Reviewer 1: Anonymous Reviewer 2: Anonymous

Round 1

Reviewer 1 Report

Pulmonary arterial hypertension is a progressive disease with high mortality. Although, current approved therapies showed improvements in quality of life and hemodynamic parameters, they have demonstrated only very limited beneficial effects on survival and disease progression. Thus, there is a pressing unmet need for more effective treatments of pulmonary arterial hypertension. Accumulating evidence suggests the role of autonomous nervous system

This is an excellent review of the current knowledge related to the involvement of autonomous nervous system and renin-angiotensin-aldosterone system in pulmonary hypertension and treatment strategies targeting both systems. The work is a very nice addition to the field and covers an area that is often overlooked. This review requires only very minor modifications before publication.

Minor

As the renin-angiotensin-aldosterone system does not belong to the autonomous nervous system, I would suggest to modify the title of the manuscript.
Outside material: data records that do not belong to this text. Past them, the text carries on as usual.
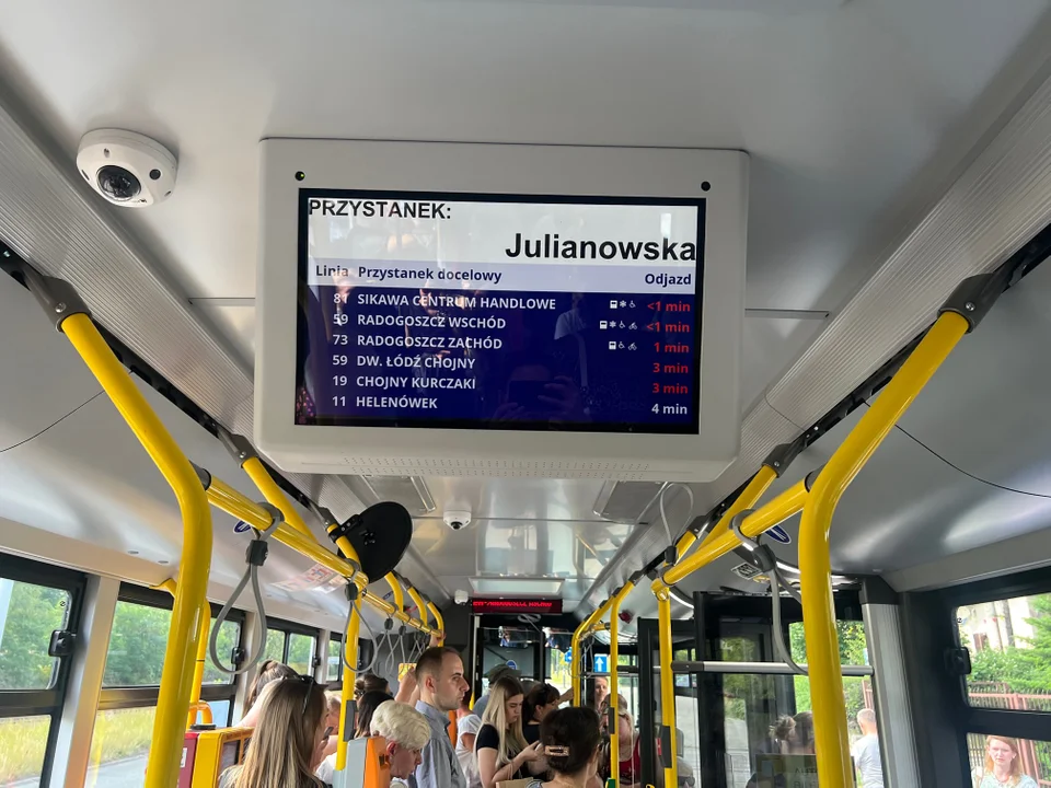 Na monitorach umieszczonych pod sufitem autobusu znajdziemy informacje o przesiadkach. Gdy pojazd będzie zbliżał się do przystanku, na ekranie zobaczymy informacje o innych liniach dostępnych w tym miejscu, nie tylko na danym przystanku, ale całym węźle przesiadkowym, oraz czasie przyjazdu poszczególnych pojazdów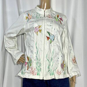 Quacker Factory Embroidered Fish Sz Med Jean Jacket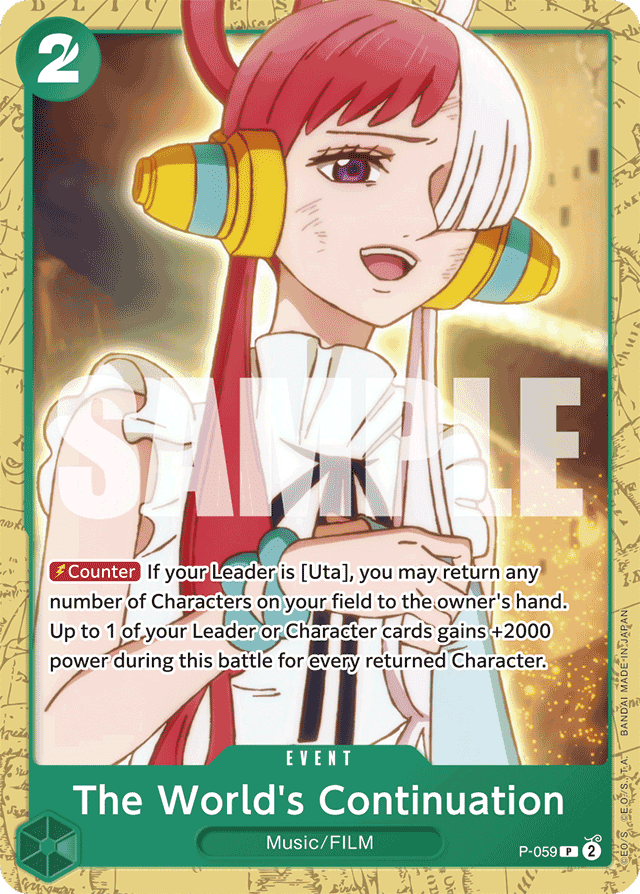 [Counter] If your Leader is [Uta], you may return any number of Characters on your field to the owner's hand. Up to 1 of your Leader or Character cards gains +2000 power during this battle for every returned Character.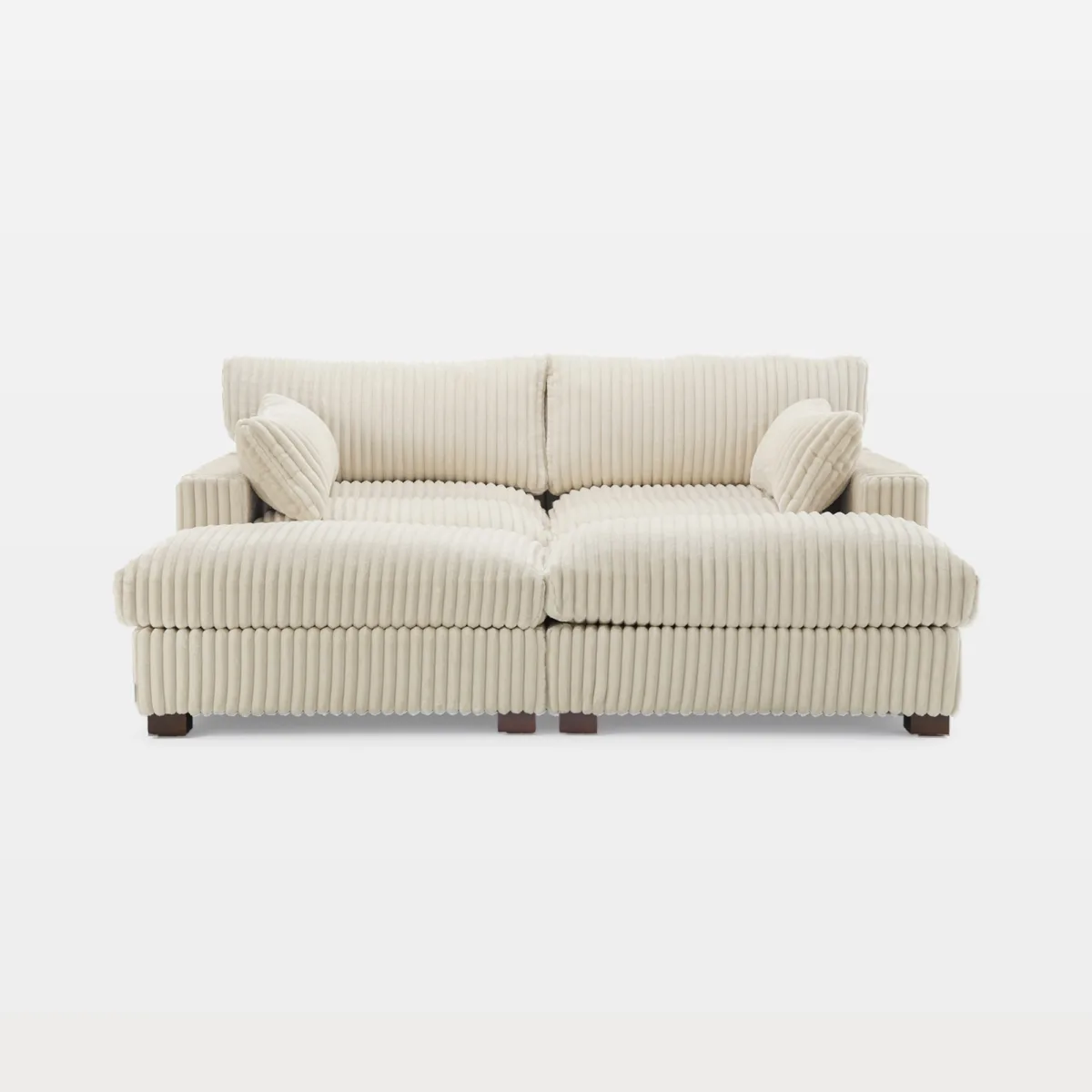 Let the hours stretch, the snacks linger, and the remote stay put. Our channel tufted modular double chaise sofa is built for full-length lounging, with deep seating that invites you to sprawl, curl up, or half-recline. The horizontal channels create that low, wide presence, and the corduroy texture adds a warm, tactile feel. Joined together, the front reads smooth and continuous, giving your legs and blankets room to relax comfortably.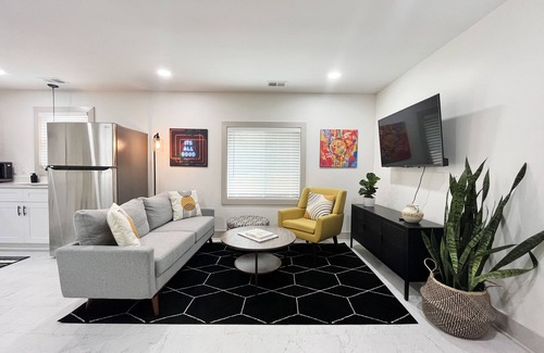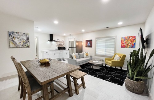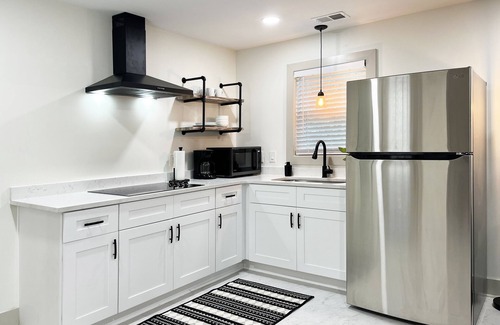 As you enter our freshly remodeled 1 bedroom/1 bathroom private in-law suite, you are welcomed by a charming kitchenette that opens up into the cozy living room and dining area. The suite offers high end renovations and modern furnishings that make the space feel comfortable and intimate.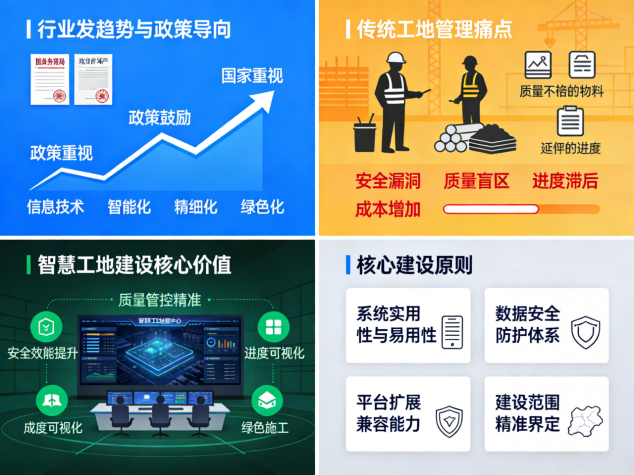 在数字化转型浪潮席卷全球的今天,传统建筑业正面临一场深刻变革。工地管理如何从“人防”转向“技防”,如何实现安全、质量、进度、成本与环保的协同提升,已成为行业发展的核心命题。随着建筑行业的快速发展和数字化转型的深入,智慧工地已成为提升项目管理效率、保障施工安全、提高工程质量的重要手段。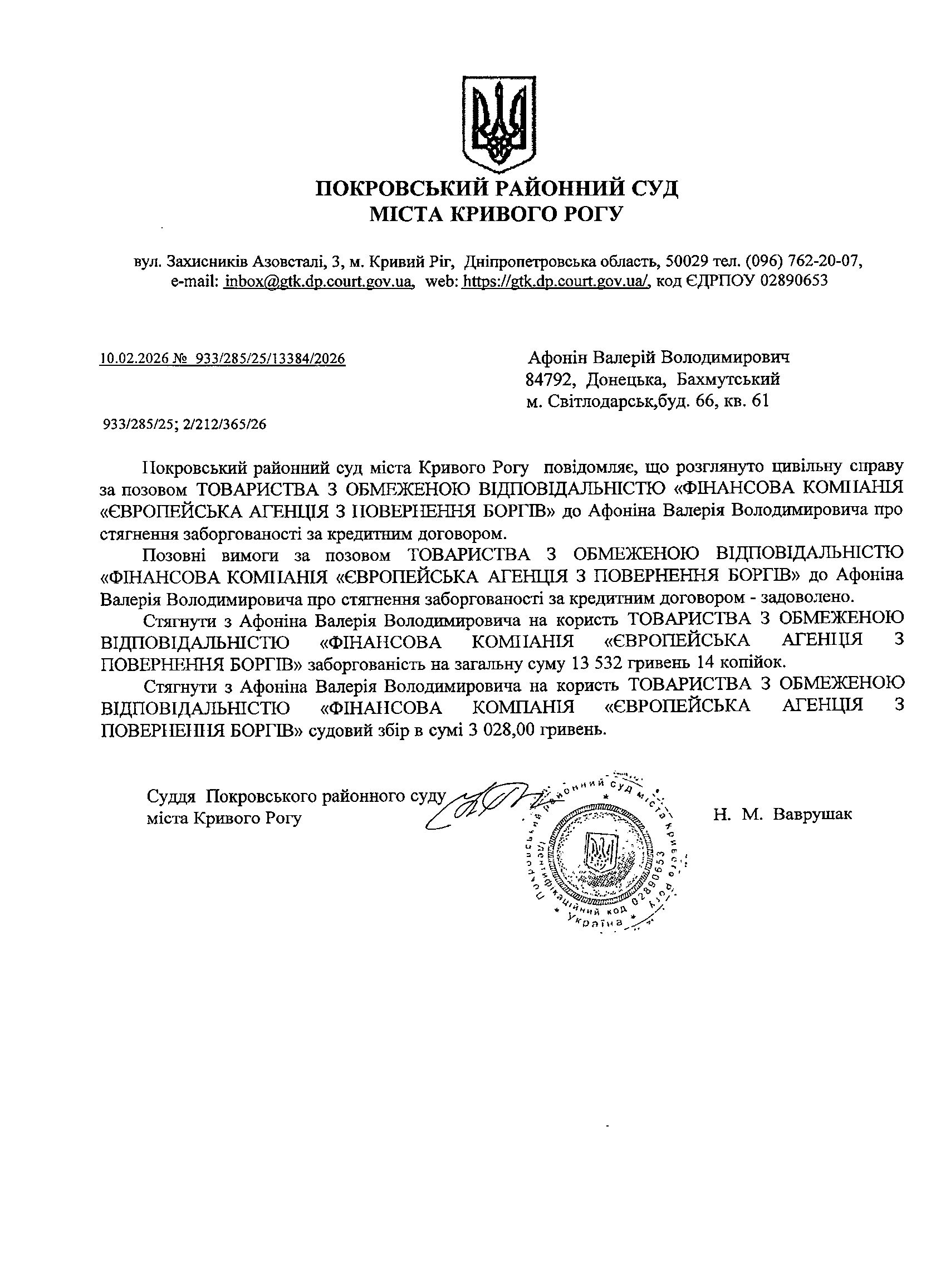 Повідомлення про розгляд цивільної справи за позовом ТОВ з обмеженою відповідальністю "Фінансова компанія "Європейська агенція з повернення боргів"" до Афоніна Валерія Володимировича про стягнення заборгованості за кредитним договором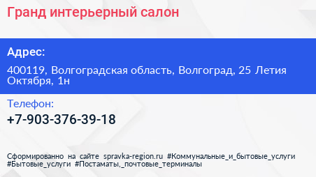 Гранд, интерьерный салон по адресу 400119, Волгоградская область, Волгоград, 25 Летия Октября, 1н в дальнейшем Организация, размещена в следующих категориях: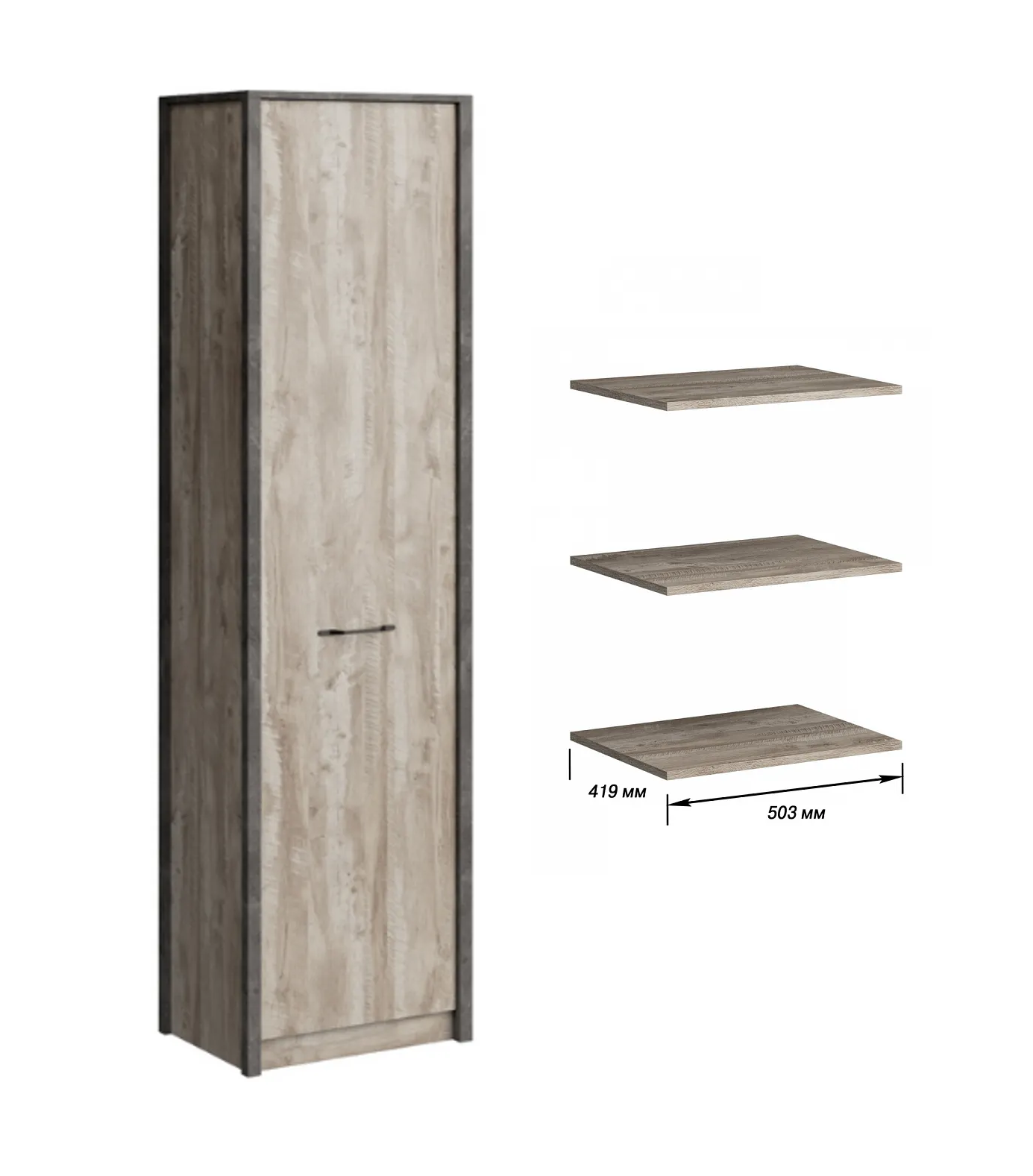 Пенал Клео Дуб Юкон-Ателье темный с полками, ЛДСП, 570x2150x457 мм

In order to be more specific, I would suggest to write “pulmonary vascular remodeling” instead of “lung remodeling” (lines 454 and 455).

Author Response

Please see the attachment

Author Response File: Author Response.pdf

Reviewer 2 Report

This is a well written, in-depth review article summarizing ANS targeted potential therapies in PH.  It is well organized with pathobiology clearly explained prior to reviewing experimental and clinical trial potential therapies. This review article thoughtfully captures the most up to date data along with their limitations as well as provides theories for discrepant or contradictory findings. It conveys a promising outlook for ANS targeted therapies, particularly with PADN, and offers insight on work that needs to be done to advance this discipline of therapies.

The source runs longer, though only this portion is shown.